Association studies have been widely used to identify genetic liability variants for complex diseases. While scanning the chromosomal region 1 single nucleotide polymorphism (SNP) at a time may not fully explore linkage disequilibrium, haplotype analyses tend to require a fairly large number of parameters, thus potentially losing power. Clustering algorithms, such as the cladistic approach, have been proposed to reduce the dimensionality, yet they have important limitations.
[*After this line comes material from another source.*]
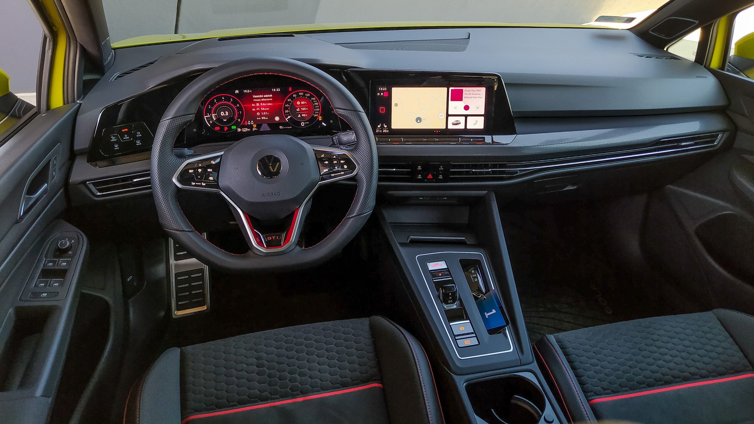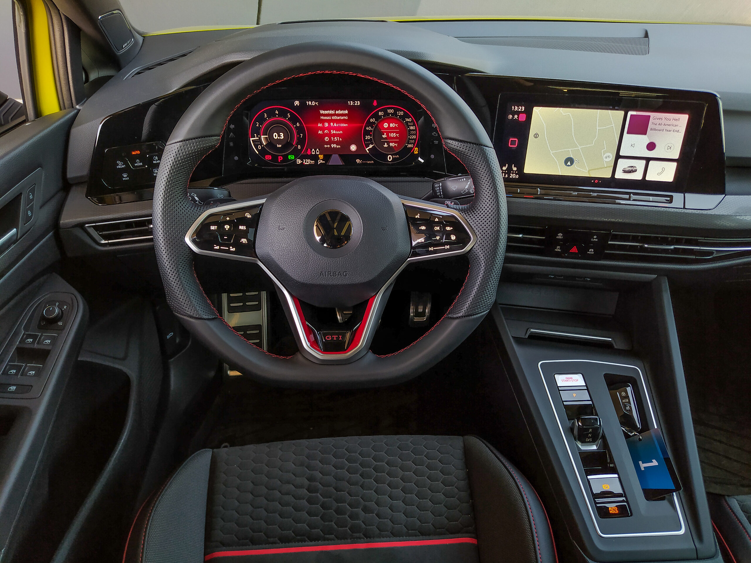 A hetedik generáció valamivel analógabb érzetével még gond nélkül belefért változatlanul hagyni a műszerfalat, ám itt az azonos recept változtatta meg a végeredményt: a nyolcadik generáció extra sterilsége hatványozottan ütközik ki a sportos változaton. Hiába kerül több versenypálya-centrikus adat a sofőr elé, az óracsoport akkor is csak egy hatalmas LCD marad, és hiába a rengeteg sportfunkció a központi képernyőn, amitől továbbra is egy guruló számítógépben érzed magad. Nem segít a Harman/Kardon hifi sem, ami az ugyanezen gyártó hangcuccával szerelt BMW termékek hasonlóan tökéletes, de kissé jellegtelen zenei élményét adja, sem pedig a temérdek háttérbe rejtett extra: bizony, a GTI Clubsport lényegében egy csúcsfelszereltségű, már-már prémium kompakt a sportos részletek felszíne alatt.

We propose a SNP-Haplotype Adaptive REgression (SHARE) algorithm that seeks the most informative set of SNPs for genetic association in a targeted candidate region by growing and shrinking haplotypes with 1 more or less SNP in a stepwise fashion, and comparing prediction errors of different models via cross-validation. Depending on the evolutionary history of the disease mutations and the markers, this set may contain a single SNP or several SNPs that lay a foundation for haplotype analyses. Haplotype phase ambiguity is effectively accounted for by treating haplotype reconstruction as a part of the learning procedure. Simulations and a data application show that our method has improved power over existing methodologies and that the results are informative in the search for disease-causal loci.
Keywords: Adaptive regression; Haplotype; Multilocus analysis; SNP
Received July 18, 2008; revised February 25, 2009; accepted for publication June 22, 2009.